(Input data begins)

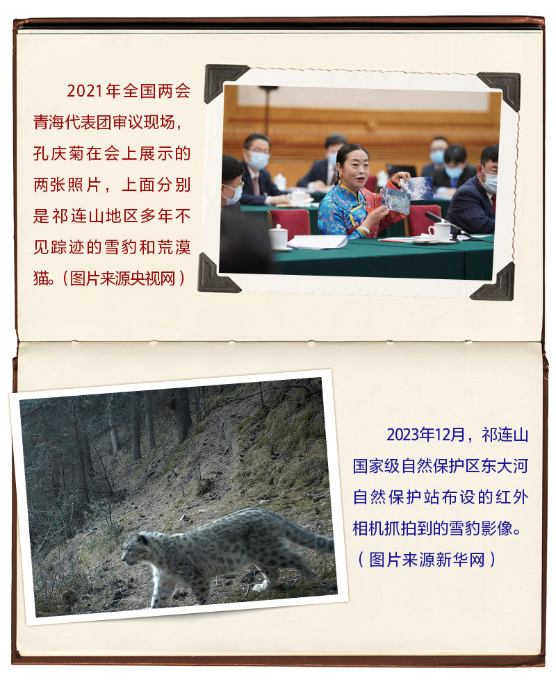 2021年3月7日,在全國兩會青海代表團審議現場,孔慶菊代表拿出的兩張“大萌貓”照片,吸引了習近平的目光。
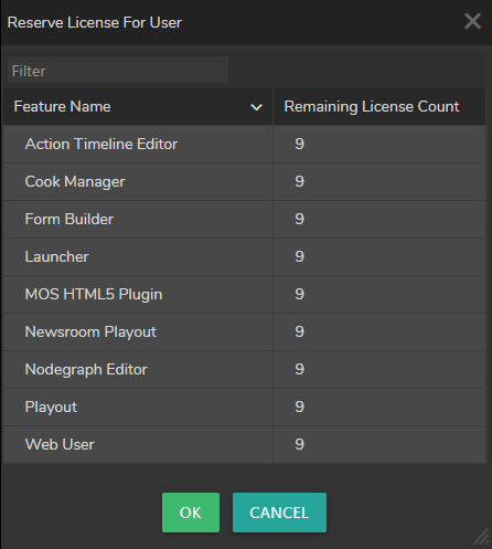 +(Plus) icon.In the pop-up menu, select the licenses you would like to reserve for the user and click on the
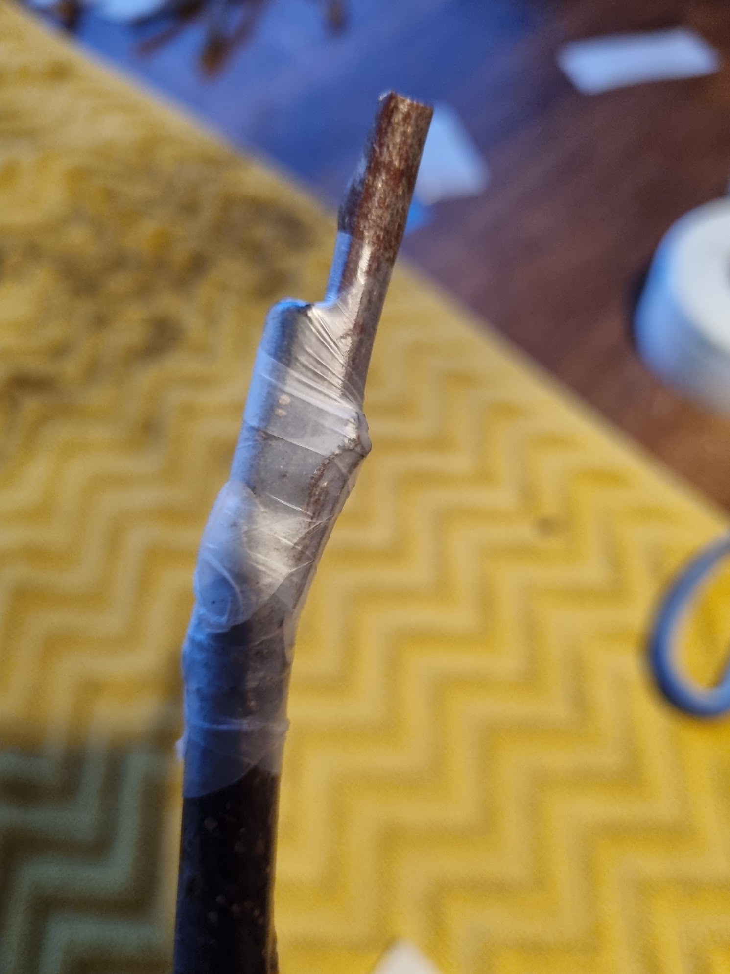 Такие улучшенной копулировкой Кстати, вместо улучшенной думаю в будущем использовать обычную. Исследований не проводил, но мне кажется срастание лучше, меньше заусенцев, лучше прилегание. Улучшенная нужна для удобства обмотки, если в неудобном месте работаешь, на высоте и пр. Если получиться обвязать и без язычка, то зачем тратить на это время?
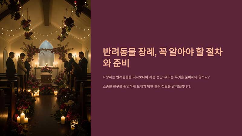 안녕하세요, 여러분. 반려동물과 함께하는 시간은 너무나 소중하지만, 언젠가 우리 곁을 떠나야 하는 순간이 찾아옵니다. 막상 그 순간이 오면 무엇을 해야 할지 몰라 당황하기 쉽죠. 저 역시 반려동물을 키우는 입장에서, 사랑하는 아이를 어떻게 떠나보내야 하는지 많은 고민을 했습니다. 오늘은 동물 장례 절차와 준비 과정에 대해 자세히 알아보려고 합니다.
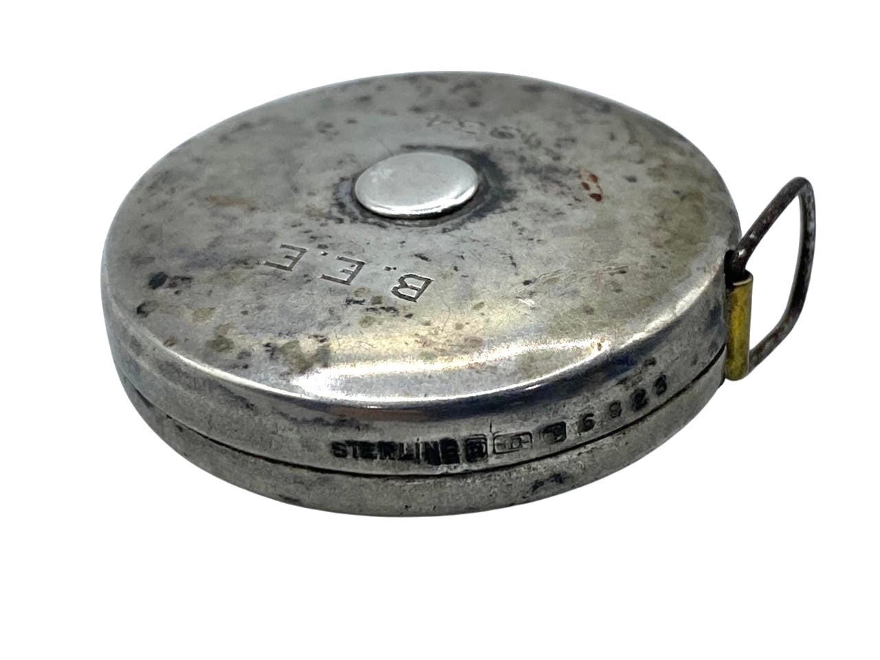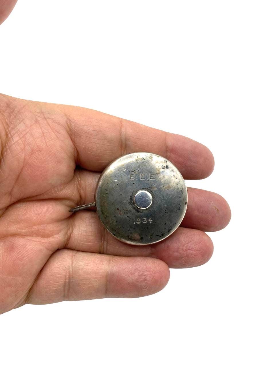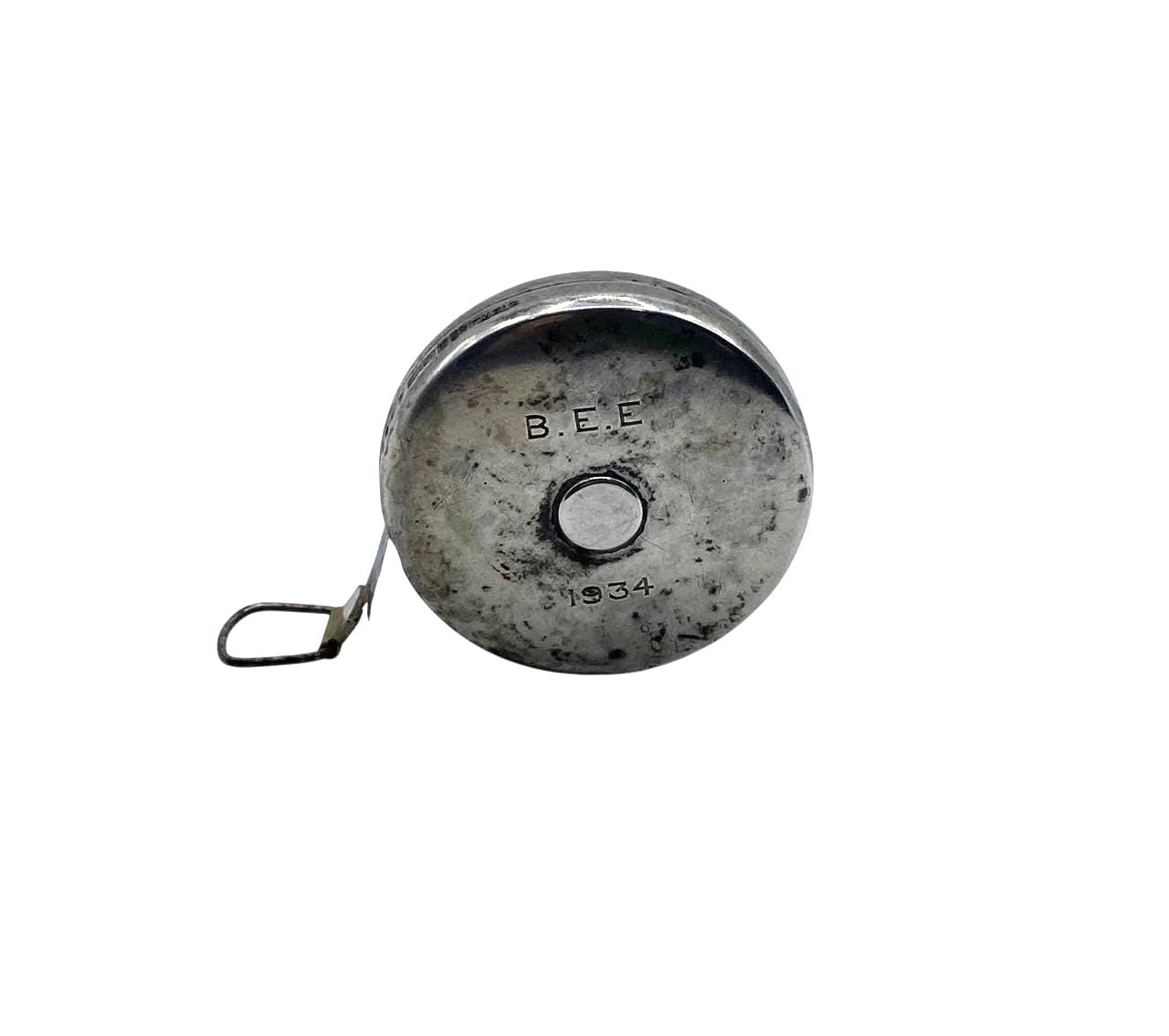 Antique, Sterling Silver pocket tape measure. marked B.E.E. 1934
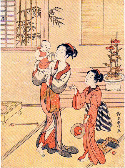 同展では、鈴木春信「夏姿 母と子」、勝川春章「正一位三囲稲荷大明神」、歌川国芳「幼童席書会」などの浮世絵のほか、江戸時代の近江の子どもたちの暮らしや学びの一端をうかがい知ることができる資料もあわせて紹介する。
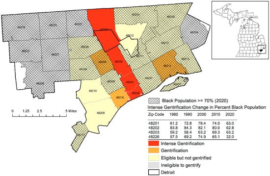 The association between changes in racial distribution and gentrification was analyzed. Specifically, zip codes that experienced intense gentrification also had a substantial displacement of the African-American population between 2010 and 2020 (range—11% to 33% decrease). In fact, each of the 4 zip codes comprising Gentrification Alley were the only zip codes within all of Detroit to have African-American percentages less than 70 percent.
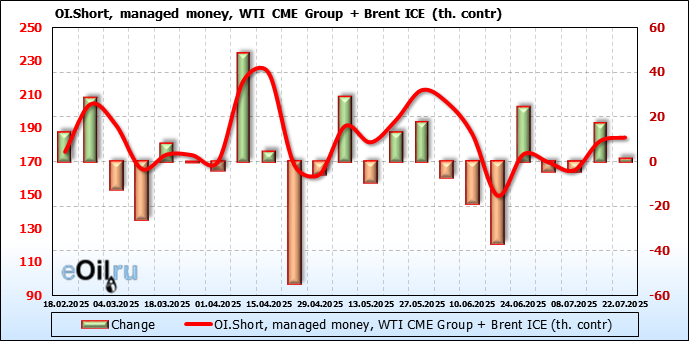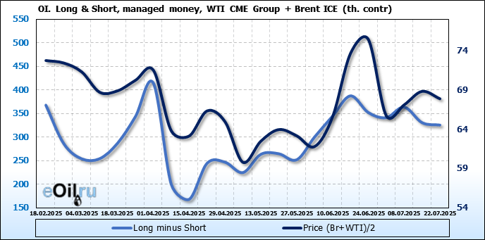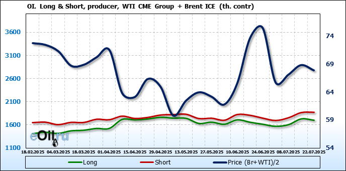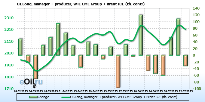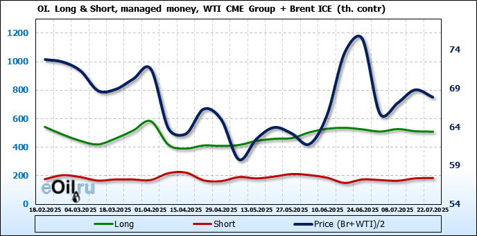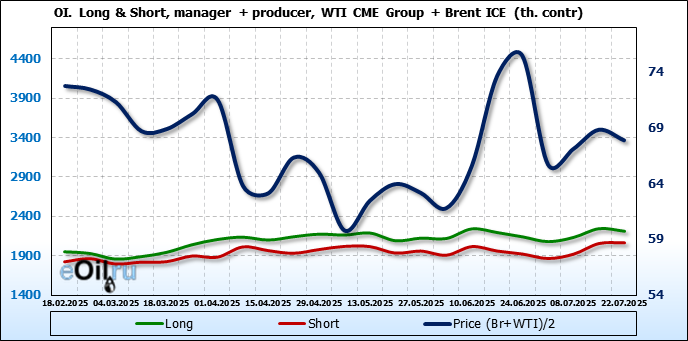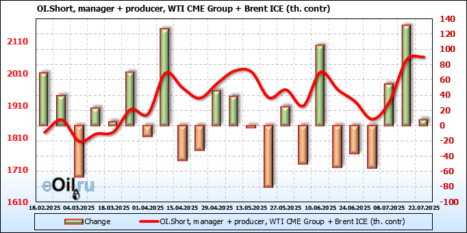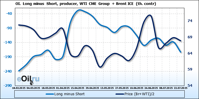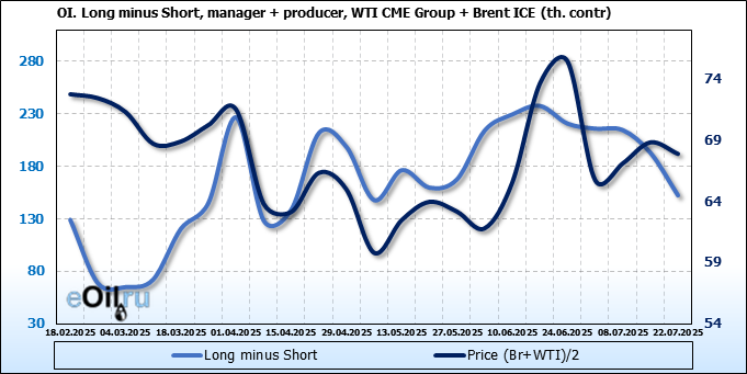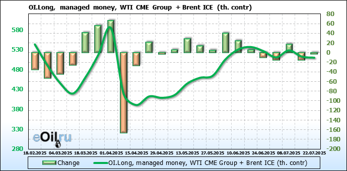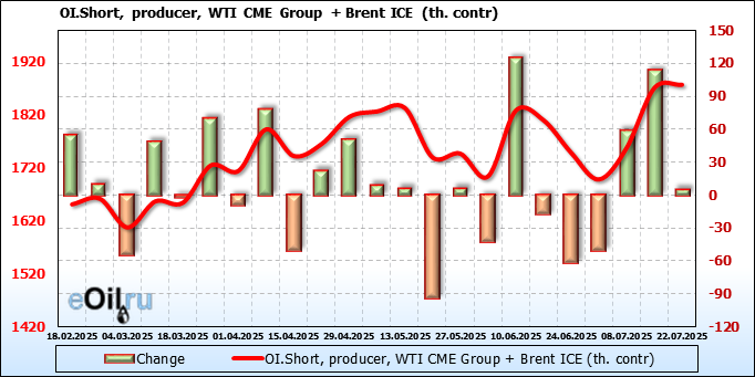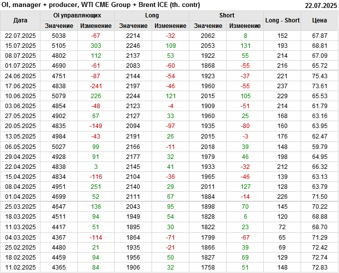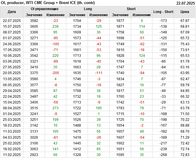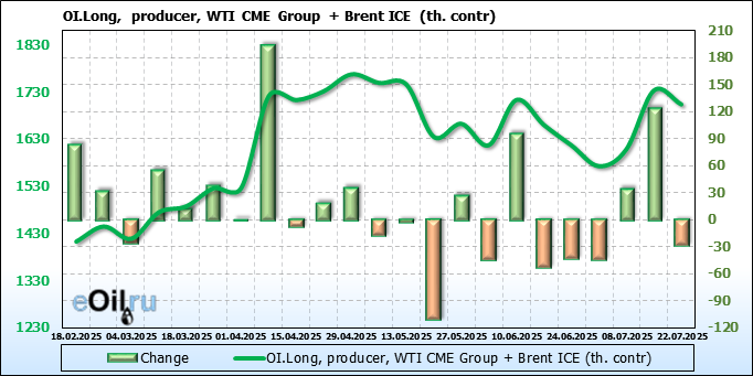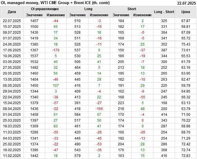 За прошедшую неделю, 16.07.25 — 22.07.25, разница между длинными и короткими позициями управляющих сократилась на 5.1 тыс. контрактов. В тоже время, цена упала на 0.94 доллара.
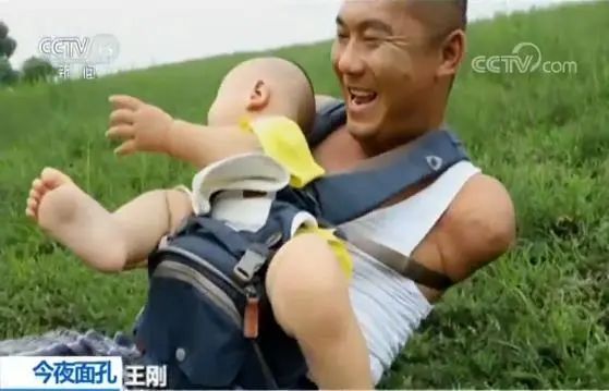 “无臂爸爸”叫王刚,辽宁省铁岭市昌图县人,13岁时王刚和几个玩伴相约外出玩耍,意外遭遇电击截去双臂。无法接受现实的他一度产生过轻生的念头,在父母的尽心陪伴下,他重拾了对生活的信心。
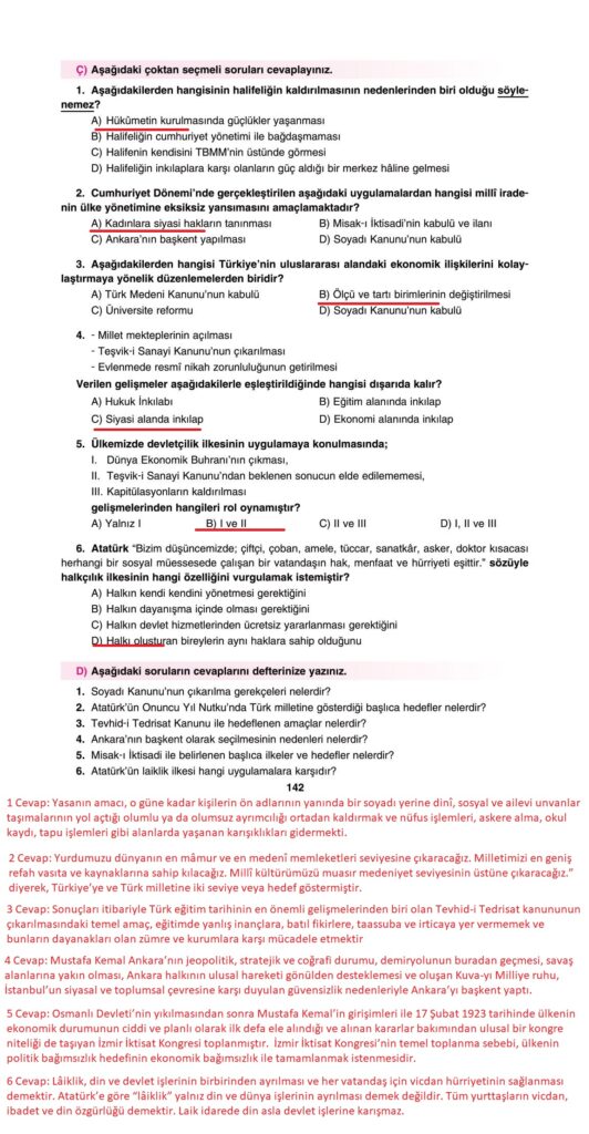 8. sınıf inkılap tarihi ders kitabı cevapları dersdestek yayınları sayfa 142 cevap anahtarı 2022-2023 sayfa olarak çözümlerini yanıtları sizler için aşağıda sunduk. 2025-2026 dersdestek yayınları inkılap tarihi ders kitabı cevapları yine sitemizde olacak.
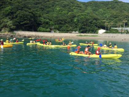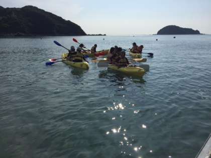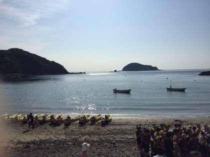 もうすぐカヌー・カヤック体験終了です。三枚目の写真、中央の小さな島の左手前に小さくて見づらいですが、潜水艦が通っています。珍しいですね。実際はもっと大きく見えてました。生徒たちも「うおー」と声をあげてました。
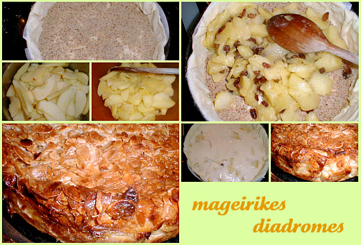 - Προσθέτουμε στα μήλα τις σταφίδες με λίγο κονιάκ μουσκεμένες.
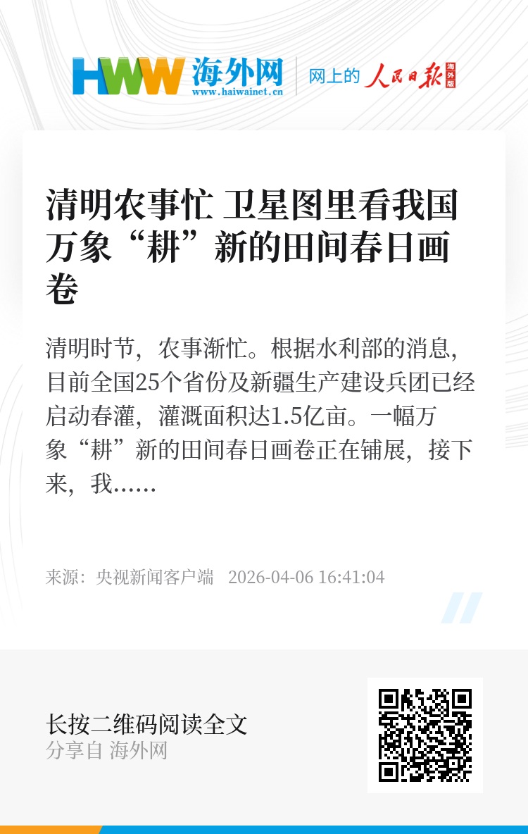 清明时节,农事渐忙。根据水利部的消息,目前全国25个省份及新疆生产建设兵团已经启动春灌,灌溉面积达1.5亿亩。一幅万象“耕”新的田间春日画卷正在铺展,接下来,我们通过卫星图,了解当前全国春耕的整体情况。
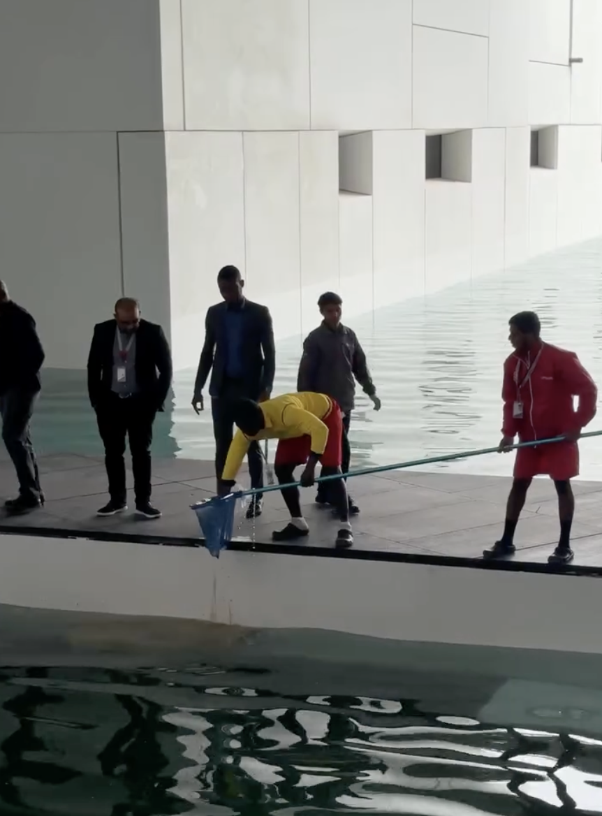 A video filmed at Louvre Abu Dhabi is currently making rounds online after a tiny human decided a brand-new iPhone belonged in the water feature instead.

(Input data ends)

**To do**
The copy you produce must hold all the records above exactly and none of their pictures.

**Task answer**
 2021年3月7日,在全國兩會青海代表團審議現場,孔慶菊代表拿出的兩張“大萌貓”照片,吸引了習近平的目光。
 +(Plus) icon.In the pop-up menu, select the licenses you would like to reserve for the user and click on the
 Такие улучшенной копулировкой Кстати, вместо улучшенной думаю в будущем использовать обычную. Исследований не проводил, но мне кажется срастание лучше, меньше заусенцев, лучше прилегание. Улучшенная нужна для удобства обмотки, если в неудобном месте работаешь, на высоте и пр. Если получиться обвязать и без язычка, то зачем тратить на это время?
 안녕하세요, 여러분. 반려동물과 함께하는 시간은 너무나 소중하지만, 언젠가 우리 곁을 떠나야 하는 순간이 찾아옵니다. 막상 그 순간이 오면 무엇을 해야 할지 몰라 당황하기 쉽죠. 저 역시 반려동물을 키우는 입장에서, 사랑하는 아이를 어떻게 떠나보내야 하는지 많은 고민을 했습니다. 오늘은 동물 장례 절차와 준비 과정에 대해 자세히 알아보려고 합니다.
 Antique, Sterling Silver pocket tape measure. marked B.E.E. 1934
 同展では、鈴木春信「夏姿 母と子」、勝川春章「正一位三囲稲荷大明神」、歌川国芳「幼童席書会」などの浮世絵のほか、江戸時代の近江の子どもたちの暮らしや学びの一端をうかがい知ることができる資料もあわせて紹介する。
 The association between changes in racial distribution and gentrification was analyzed. Specifically, zip codes that experienced intense gentrification also had a substantial displacement of the African-American population between 2010 and 2020 (range—11% to 33% decrease). In fact, each of the 4 zip codes comprising Gentrification Alley were the only zip codes within all of Detroit to have African-American percentages less than 70 percent.
 За прошедшую неделю, 16.07.25 — 22.07.25, разница между длинными и короткими позициями управляющих сократилась на 5.1 тыс. контрактов. В тоже время, цена упала на 0.94 доллара.
 “无臂爸爸”叫王刚,辽宁省铁岭市昌图县人,13岁时王刚和几个玩伴相约外出玩耍,意外遭遇电击截去双臂。无法接受现实的他一度产生过轻生的念头,在父母的尽心陪伴下,他重拾了对生活的信心。
 8. sınıf inkılap tarihi ders kitabı cevapları dersdestek yayınları sayfa 142 cevap anahtarı 2022-2023 sayfa olarak çözümlerini yanıtları sizler için aşağıda sunduk. 2025-2026 dersdestek yayınları inkılap tarihi ders kitabı cevapları yine sitemizde olacak.
 もうすぐカヌー・カヤック体験終了です。三枚目の写真、中央の小さな島の左手前に小さくて見づらいですが、潜水艦が通っています。珍しいですね。実際はもっと大きく見えてました。生徒たちも「うおー」と声をあげてました。
 - Προσθέτουμε στα μήλα τις σταφίδες με λίγο κονιάκ μουσκεμένες.
 清明时节,农事渐忙。根据水利部的消息,目前全国25个省份及新疆生产建设兵团已经启动春灌,灌溉面积达1.5亿亩。一幅万象“耕”新的田间春日画卷正在铺展,接下来,我们通过卫星图,了解当前全国春耕的整体情况。
 A video filmed at Louvre Abu Dhabi is currently making rounds online after a tiny human decided a brand-new iPhone belonged in the water feature instead.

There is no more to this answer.